Raw Read Counts Accession

Hello,

We want to compare our WGS data with DepMap, therefore we would like to access the raw read counts to analyze the counts with our own pipeline.
We downloaded the latest (20Q2) and several older (20Q1; 18Q1) Achilles raw read counts. In these raw counts files we are looking for HMEL (ACH-000642), 22Rv1 (ACH-000956), LNCAPCLONEFGC (ACH-000977), DU145 (ACH-000979). We checked sample_info of 20Q2, and achilles_n_replicates are not filled for HMEL, 22Rv1, DU145. For LNCAPCLONEFGC the sample_info presents 2 replicates, whereas we could not find raw read counts. These specific cell lines are also not presented in achilles_replicate_map.

In addition 20Q2 raw read counts only provide batch4 pDNA read counts, and the other batches are not available. But we need to compare the cell lines with specific batches as we checked from achilles_replicate_map file from DepMap.

Best Regards,
A. Cenk Aksu
aaksu16@ku.edu.tr

Hi, Are you sure you want Achilles readcounts?
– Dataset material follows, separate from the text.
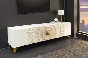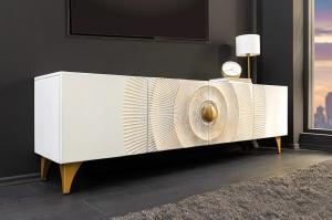Golden Glamour – Exclusief massief houten tv-meubel in wit en goud! Eyecatcher handgemaakt TV-meubel van massief mango hout gecombineerd met échte 3D houtfrezingen in een mooi zonnestralen patroon. Dit meubel is verkrijgbaar in de afmeting L x D x H: 180 x 40 x 55 cm Overige afmetingen BxDxH: Ruimte achter linker- & rechterdeur 42x36x34 cm Ruimte achter de deuren in het midden 88x36x34 cm Kleurcombinatie: Kastombouw wit Deuren wit met 3D houtfrezingen met gouden uitstraling Poten goudkleuri...

These represent the result of CRISPR screens and have no connection to WGS. If a cell line has no Achilles replicates, it has not been screened in Achilles.
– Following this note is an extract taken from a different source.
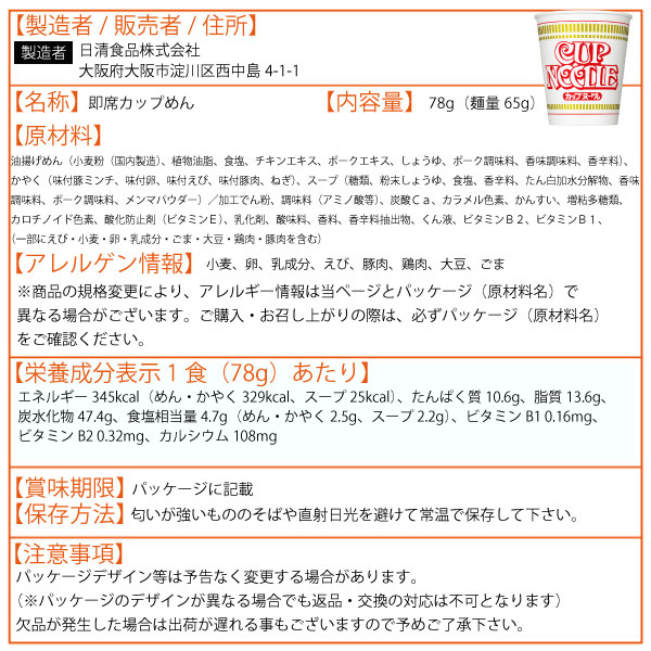 日清食品 カップヌードル 78g (20個)

LNCAPCLONEFGC is scheduled for future release. 20Q2 readcounts contains all pDNA batches.

Hi,
Thank you for showing my mistake. I want the Achilles read counts, for some comparisons with CRISPR screens we implemented in our lab. So I’m sure that I need the raw counts of achilles.
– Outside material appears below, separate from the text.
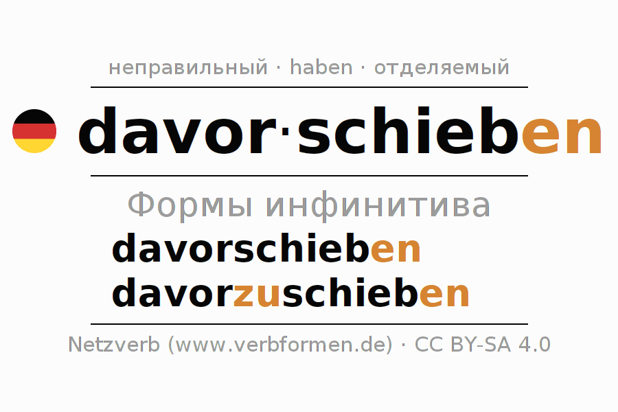 Этот глагол davorschieben полностью спрягается во всех лицах и числах Инфинитив Презенс Перфект.

Is there a file, which presents which cell lines added to the latest release?

I’ve checked again the 20Q2 data and unfortunately I just see three different concentrations (10 ng, 50 ng, 100 ng) from batch 4 (screenshot added). To be sure I’ve downloaded the data again, and file still contain the same pDNAs. Could it be possible to reach to other pDNA batches, especially pDNA batch 3, which is the batch number of our cells lines which we want to compare.

Screen Shot 2020-07-25 at 20.24.571552×989 232 KB

Thanks.

I think the problem is that you are only looking at columns that start with “pDNA”. All columns in the readcounts file should be identified using the file Achilles_replicate_map, never the column name. Columns are pDNA if their DepMap_ID in the Achilles_replicate_map is null. The readcounts include pDNA measurements from batches 2, 3, and 4.

Hello Joshua,

I’ve checked the Achilles_replicate_map and find the pDNA of all batches, which also found in Raw read counts.

Thanks for all the help.

I apologize if this information is elsewhere, but I have a few quick related questions:

1. Do the replicate IDs with DepMap_ID == NULL in the “Achilles_replicate_map.csv” correspond to the initial read counts? If so, which should we use per batch and are the initial reads the same for replicates with the same value for pDNA_batch?
2. Are the values in “Achilles_raw_readcounts.csv” the initial read counts or the final read counts? I believe they are the are the latter, but I just want to confirm.

Thank you

1. replicate IDs with null DepMap IDs are all pDNA measurements, which are what we use instead of initial read counts. You should use all the pDNA measurements that share a batch with the replicate of interest.

2. They are the pDNA and replicate final readcounts.

Thank you for your quick response.

I’m still a bit confused about which pDNA to use because there are multiple for each batch. Below are the entries without a DepMap ID.

To me, it looks like there are 4 replicates that correspond to the primary DNA for batch 2. Am I interpreting this correctly? If so, how do I use all four (they are all included in the “Achilles_raw_readcounts.csv” file)? Say for instance, I wanted to calculate the log-fold change for a sgRNA in some replicate that uses pDNA batch 2.

Thank you

We take the median of reads per million, but of course that’s not the only way you could imagine combining or using them. I’d recommend reading https://www.biorxiv.org/content/10.1101/720243v1.full for more details on the Achilles processing pipeline.

That makes much more sense, thank you for your help.